子どものころ、母が持っているその箱は小さな宝箱でした。


色とりどりの糸や布の切れ端、艶のある針、使い込まれた指ぬき。


私はそばに座って、ただ布が形を変えていく様子を眺めていました。


母は多くを語らず、けれど糸の始末だけは必ずその言葉を唱えました。


「見えないところほど丁寧に」


おまじないのようにしていたその言葉の意味がわかったのは、ずいぶん大人になってからです。


幼い私を傍に置き、多くを語らず、遠ざけることもせず、必ず言っていたあの言葉。


それは表からは見えない祈り。

それは自らに針を刺す戒め。

そしてそれは私へと紡いだ本当に細やかな糸。


いま私が針を持つとき、無意識にその言葉をなぞっています。


子を持てなかった私に、繋ぐべき相手はいないから。


けれど、この本を手に取ったあなたには、その綻びでも届くと信じて、この想いを記します。


『楽しい裁縫』著・クレイスト=ファビアン



※ ※ ※ ※ ※ ※ ※ ※ ※ ※ 



東門大通りに並ぶ小さな古着屋では今、ちょっとした混乱が巻き起こっている。


「どうしたんだい急に―――はっ!まさかアンタ……」


と、久方ぶりに店を訪れた娘の様子に新鮮な驚きと何かの気付きを得たような古着屋の店主マルゴさん。
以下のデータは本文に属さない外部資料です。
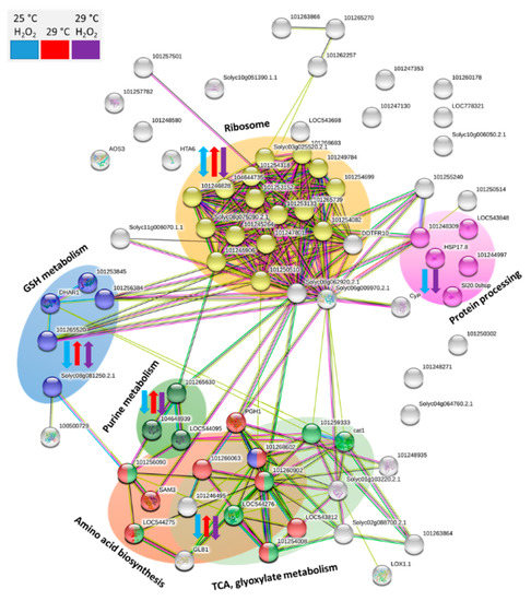 Visualization of putative interactions and processes mediated by the identified differentially abundant proteins. The network was constructed by String 11.0 [15], which employed an orthologous analysis of Solanum tuberosum proteins. Highlighted clusters revealed functional enrichments in the network based on biological process (gene ontology, GO) and metabolomic pathways (KEGG: Kyoto Encyclopedia of Genes and Genomes). In total, five distinct clusters are visible, including protein biosynthesis processes (ribosome and protein processing), glutathione metabolism, purine metabolism, and overlapping processes in primary and energetic metabolism (amino acid biosynthesis, TCA, and glyoxylate metabolism). Blue, red and purple arrows indicate observed changes in protein abundances for seeds incubated with hydrogen peroxide at 25 °C, seeds incubated at 29 °C, and seeds incubated with hydrogen peroxide at 29 °C, respectively.
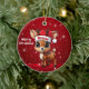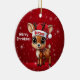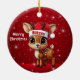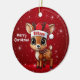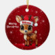 Blitzen! Celebrate the holiday season with this festive round ceramic red ornament featuring an endearing woodland forest animal cartoon graphic of a cute baby reindeer wearing a Santa hat, and Merry Christmas written in white. Perfect deer with antlers for decorating your tree or as a thoughtful gift, this whimsical doe decor makes a cherished keepsake for years to come. Customize by changing the text, the font, the font color, or remove the text. You can even transfer this design onto other products. Enjoy this design your way! Check out ForestBabies Xmas Deer Collection for matching decorations. 🎄🩌 Dimensions: Diameter: 2.87". Thickness: 0.156". Weight: 1.4 oz. Made of white porcelain. Full-color, full-bleed printing. Printing on both sides. Thread does not come attached/tied.

「なんで店の奥にそんな若い男―――って、え?まさか……」


と、久方ぶりに実家に帰ったら母親が店の奥に若い男を連れ込んでると勘違いしているのが、マルゴさんの娘さん―――話を聞くに彼女がルカさんだろう。


「え?なんでココにいるの?」


と、久方ぶりという程の間は置かないが、意外な場所での再会に疑問を呈している同い歳の兄弟姉妹(きょうだい)キーラ。


「うわぁロウ!久しぶりだねぇ!」


と、こちらはちゃんと久方ぶり……だいたい二年振りくらいか、キーラはちょこちょこ会ってたみたいだけど―――というのは、彼女が同じ孤児院の出身で、つまりは二つ上の僕等の姉で、キーラを百日紅に勧誘していった張本人だから。


「メアリ姉さん、一旦、ちょっと待って」


と、色々と混線した状況の中、嬉しそうに古着の間を縫ってこちらに寄って来た姉を制止して、隣に顔を向けた僕は―――


「マルゴさん、とりあえず場所を変えませんか?」


仕切り直しを要求した。



――― ――― ――― 



マルゴさんの古着屋は、入り口扉を開けた正面奥に置かれた勘定台と、それで目隠しされた小さな作業空間が確保されている。それ以外の店舗の床面積の大部分は商品陳列用の古びた竿とそこに掛けられた古着がで占められていて、店を訪れた客は、左右に並んだ服の壁とも言えるモノの間を、横歩きで眺めたりしながら、目当ての品を探し出すような形だ。


僕が何を言いたいかと言うと、

そんなお店に成人した人間五人が落ち着いて話せる場所などなかったということ。


そうして店主によって案内されたのが、店奥の作業場のさらに奥にある階段から上がった先、完全に居住空間の―――お宅の、食卓であったということ。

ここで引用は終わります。